Q: A block A of mass 0.5 kg can slide on a frictionless incline of angle 30o and length 0.8 m kept inside an elevator going up with uniform velocity 2m/s. Find the time taken by the block to slide down the length of the incline if it is released from the top of the incline. Take g = 10 ms-2.
If the elevator is not accelerating it is not part of the problem.
I bet you can do it ignoring the elevator.
By the way the mass of the block is also irrelevant because it cancels (remember feathers and rocks fall together in a vacuum)
To find the time taken by the block to slide down the length of the incline, we can use the principles of kinematics.
First, let's find the acceleration of the block as it slides down the incline.

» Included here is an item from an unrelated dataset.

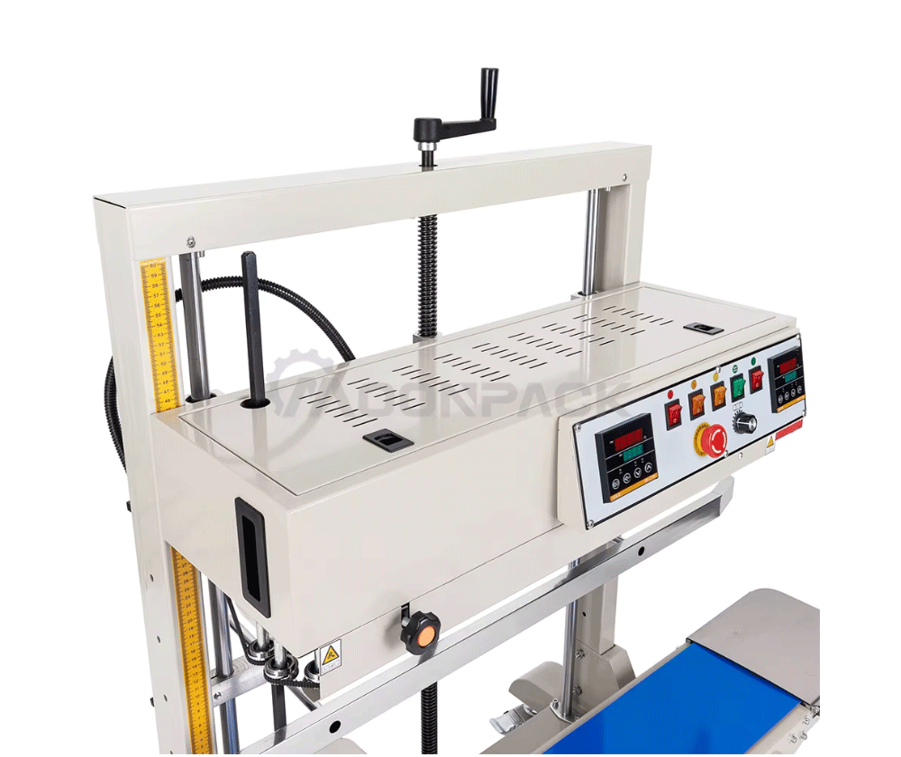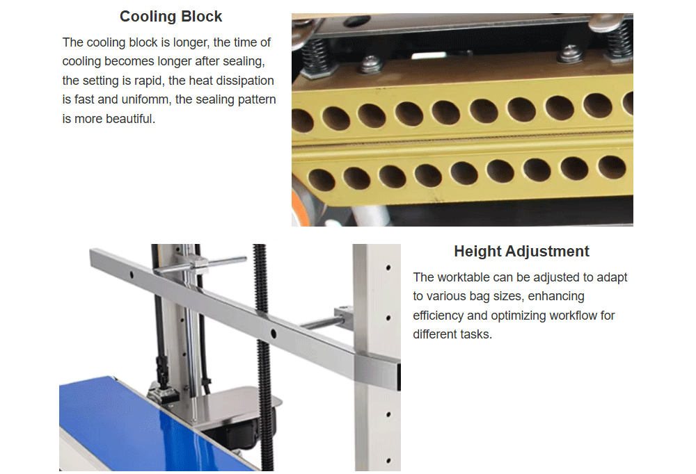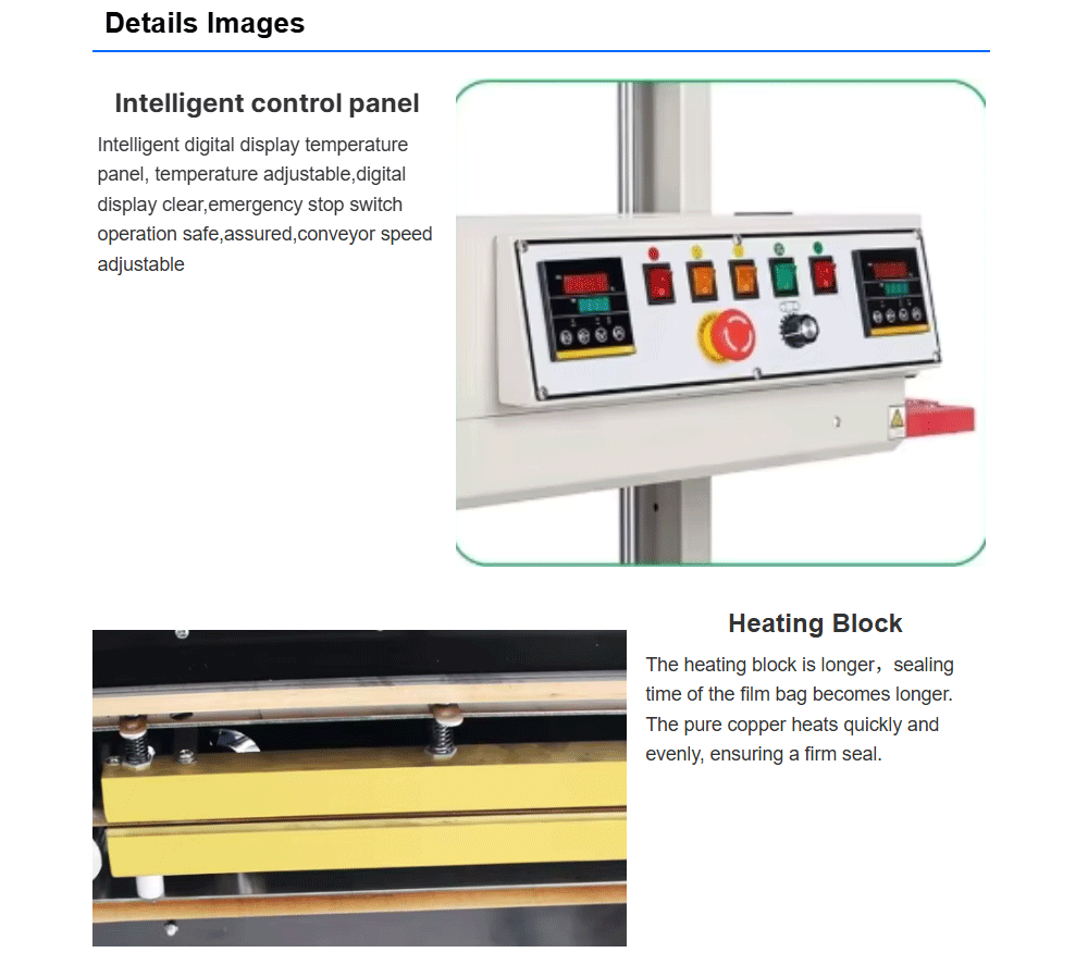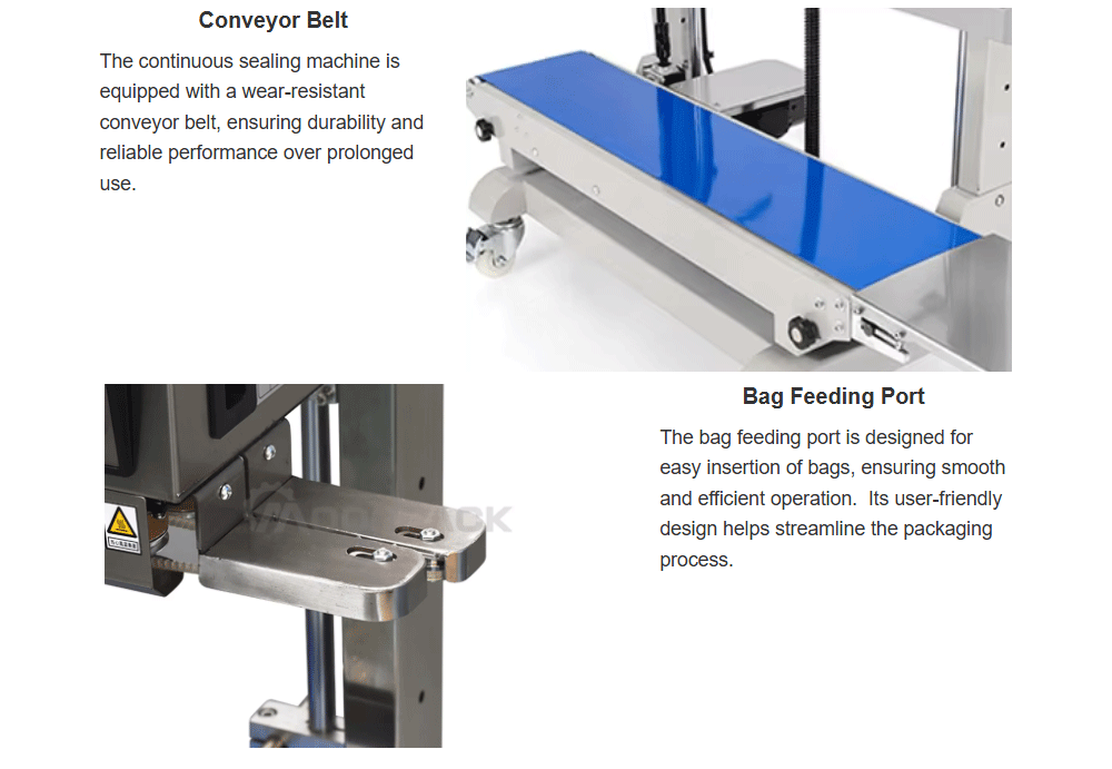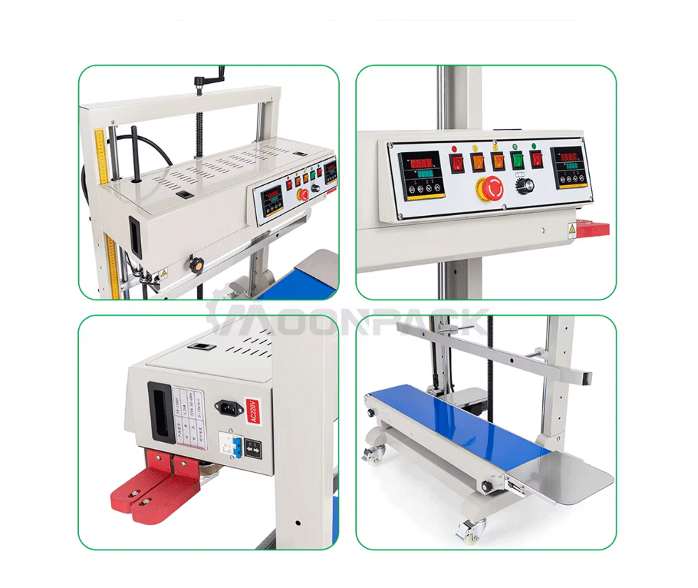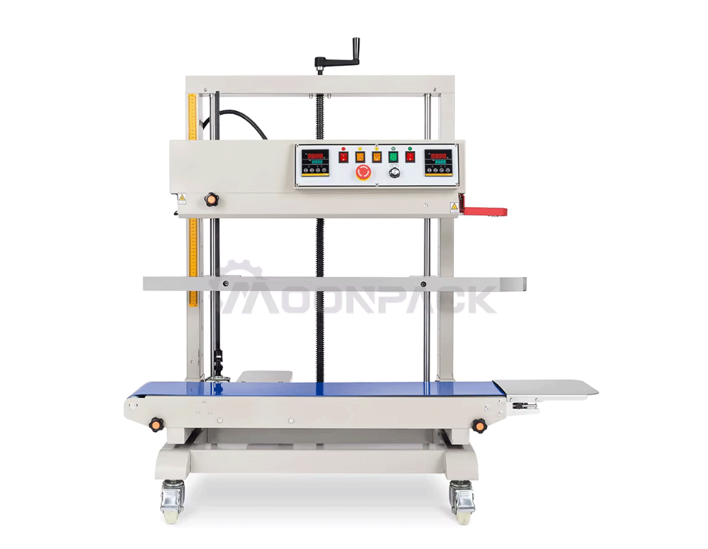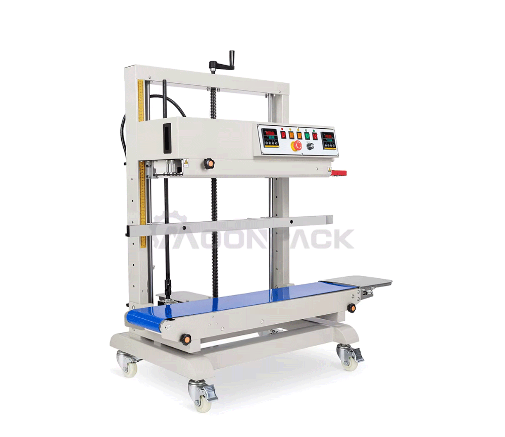 The vertical continuous sealing machine is a sealing machine designed for packaging bags made of different materials such as plastic, paper, and foil.The sealing temperature can be adjusted between 0 and 300 degrees Celsius. The sealing speed can also be adjusted from 0 to 12 m/min, and the sealing pressure can be adjusted as well. This sealing machine can seal large bags of packaging and is applied in scenarios such as dog food bags, rice bags, flour bags, and sealing, ensuring that the contents inside the packaging bags are safely sealed.

The force acting on the block is its weight, which can be decomposed into two components parallel and perpendicular to the incline.

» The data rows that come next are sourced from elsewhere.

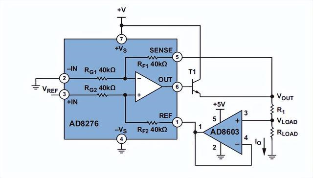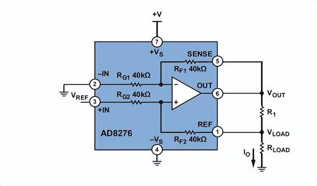 精密電流源傳統上采用運算放大器、電阻和其它分立器件構建,但存在尺寸、精度和溫度漂移等方面的不足。如今,高精度、低功耗、低成本集成差動放大器的AD8276使得尺寸更小、性能更高的電流源變成現實(如圖5)。反饋緩沖器使用低失調、低偏置電流放大器,例如ADA4098-2、ADA4622-2、AD8610、AD8603等具體取決于所需電流范圍。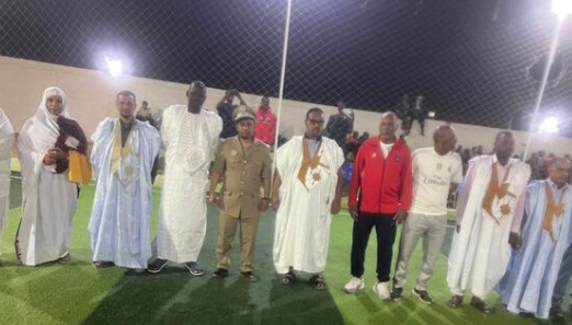 أشرف والي آدرار المساعد، أبو بكر ولد محمد، الليلة البارحة بملعب صالة الأساطير لكرة القدم في حي تنيري بمدينة أطار، على اختتام بطولة رمضان لكرة القدم.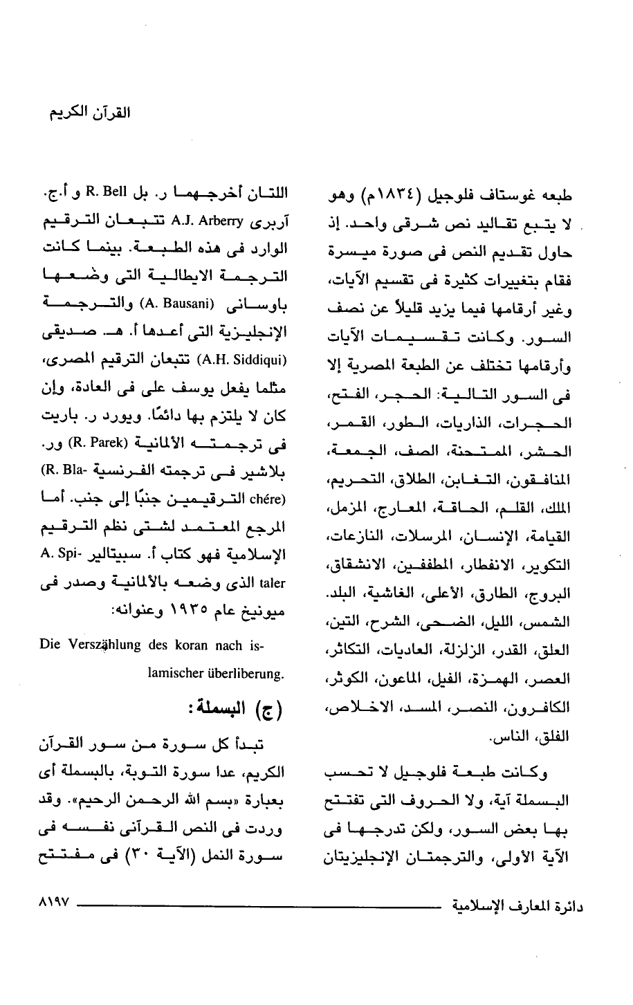وكانت طبعة فلوجيل لا تحسب البسملة آية، ولا الحروف التى تفتتح بها بعض السور، ولكن تدرجها فى الآية الأولى، والترجمتان الإنجليزيتان اللتان أخرجهما ر. بل R. Bell وأ. ج. آربرى A.J. Arberry تتبعان الترقيم الوارد فى هذه الطبعة. بينما كانت الترجمة الايطالية التى وضعها باوسانى (A. Bausani) والترجمة الإنجليزية التى أعدها أ. هـ. صديقى (A.H. Siddiqui) تتبعان الترقيم المصرى، مثلما يفعل يوسف على فى العادة، وإن كان لا يلتزم بها دائمًا. ويورد ر. باريت فى ترجمته الألمانية (R. Parek) ور. بلاشير فى ترجمته الفرنسية (R. Blachere) الترقيمين جنبًا إلى جنب. أما المرجع المعتمد لشتى نظم الترقيم الإسلامية فهو كتاب أ. سبيتالير A. Spitaler الذى وضعه بالألمانية وصدر فى ميونيخ عام 1935 وعنوانه:

The component of weight parallel to the incline is given by W_parallel = m * g * sin(theta), where m is the mass of the block, g is the acceleration due to gravity, and theta is the angle of the incline.
Substituting the given values:
m = 0.5 kg
g = 10 m/s^2
theta = 30 degrees, but we need to convert it to radians, so theta = 30 * (pi/180) radians.
Now we can find the parallel component of weight:
W_parallel = m * g * sin(theta)
W_parallel = 0.5 kg * 10 m/s^2 * sin(30 * (pi/180))
W_parallel = 0.5 kg * 10 m/s^2 * 0.5
W_parallel = 2.5 N
Since the incline is frictionless, the net force acting on the block is equal to the parallel component of weight.
Next, we can use Newton's second law to find the acceleration of the block:
F_net = m * a
a = F_net / m
a = 2.5 N / 0.5 kg
a = 5 m/s^2
Now that we have the acceleration, we can use the equations of motion to find the time taken by the block to slide down the incline.
We'll use the equation:
s = ut + (1/2)at^2
where s is the distance traveled by the block (length of the incline), u is the initial velocity (0 m/s as the block is initially at rest at the top of the incline), a is the acceleration, and t is the time taken.
Using the given values:
s = 0.8 m
u = 0 m/s
a = 5 m/s^2
Rearranging the equation, we get:
s = (1/2)at^2
2s = at^2
t^2 = (2s)/a
t^2 = (2 * 0.8 m) / 5 m/s^2
t^2 = 0.32 m / m/s^2
t^2 = 0.32 s^2
Taking the square root of both sides, we find:
t ≈ 0.57 s
Therefore, the time taken by the block to slide down the length of the incline, when released from the top, is approximately 0.57 seconds.